As a hitter, Chesbro hit .197. Despite the lack of HRs back then, Chesbro, a pitcher, did hit five in his career.
Chesbro wound up his career 198-132, with an ERA of 2.68, ERA+ 111. From 1900-1908 he averaged 21-13, 2.53, ERA+ 116, and 299 IP per season. He died at the age of 57 in 1931.
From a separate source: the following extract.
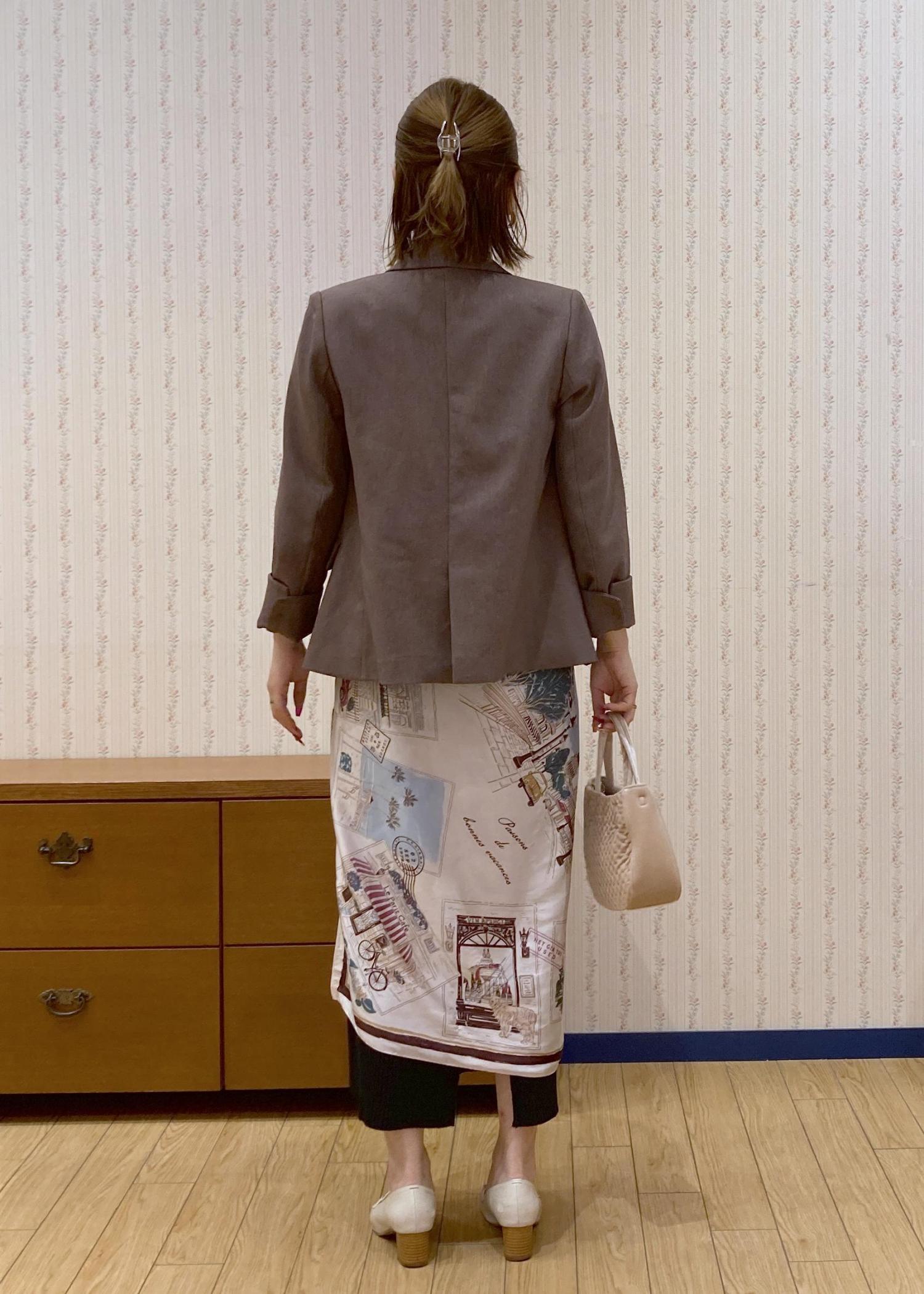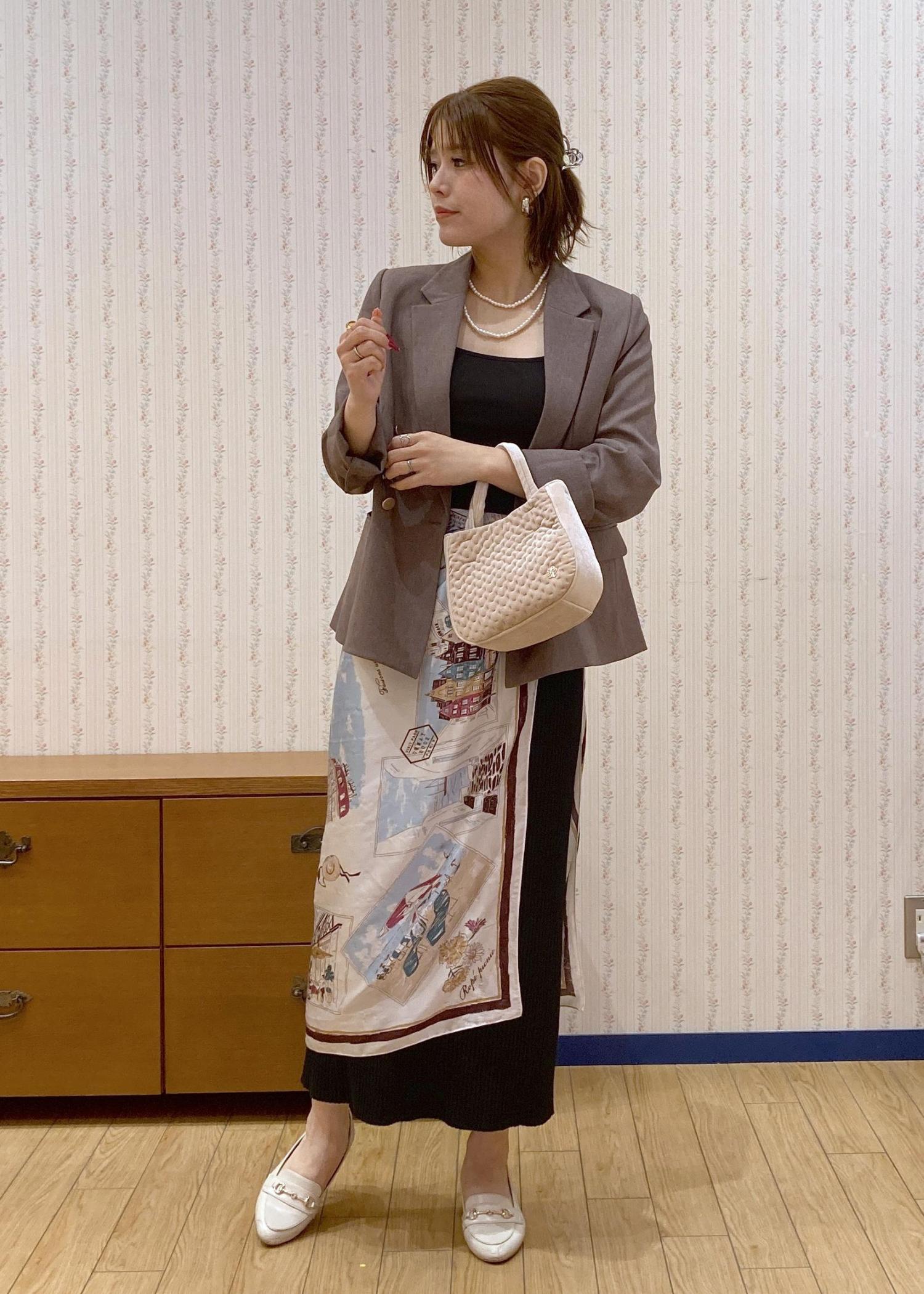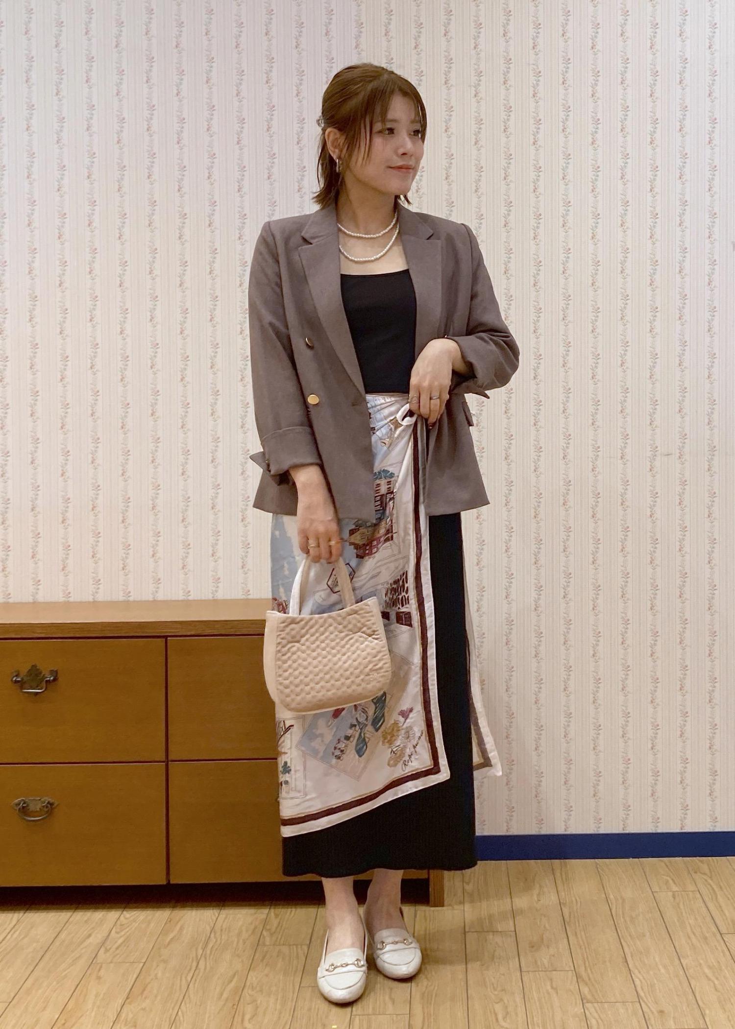 大判のスカーフを巻きスカート風にアレンジした綺麗めコーディネートです。

He was elected to the HOF in 1946. All things considered, he probably got in based on that one great season. From Wikipedia again: Chesbro was inducted into the National Baseball Hall of Fame in 1946 balloting by the Veterans Committee, which considers individuals who are eligible for the Hall of Fame, but no longer eligible to be elected by the Baseball Writers Association of America (BBWAA). That year, the Veterans Committee elected eleven players … During years where Chesbro was eligible on the BBWAA ballot, Chesbro received zero votes in the 1936 balloting, one vote in the 1937 balloting, two votes in the 1938 balloting, and six votes in the 1939 balloting, zero votes in the 1942 balloting, and zero votes in the 1945 balloting.
Chesbro never wore a number. No Highlander ever did. The first year numbers appeared on a Yankee uniform was in 1929.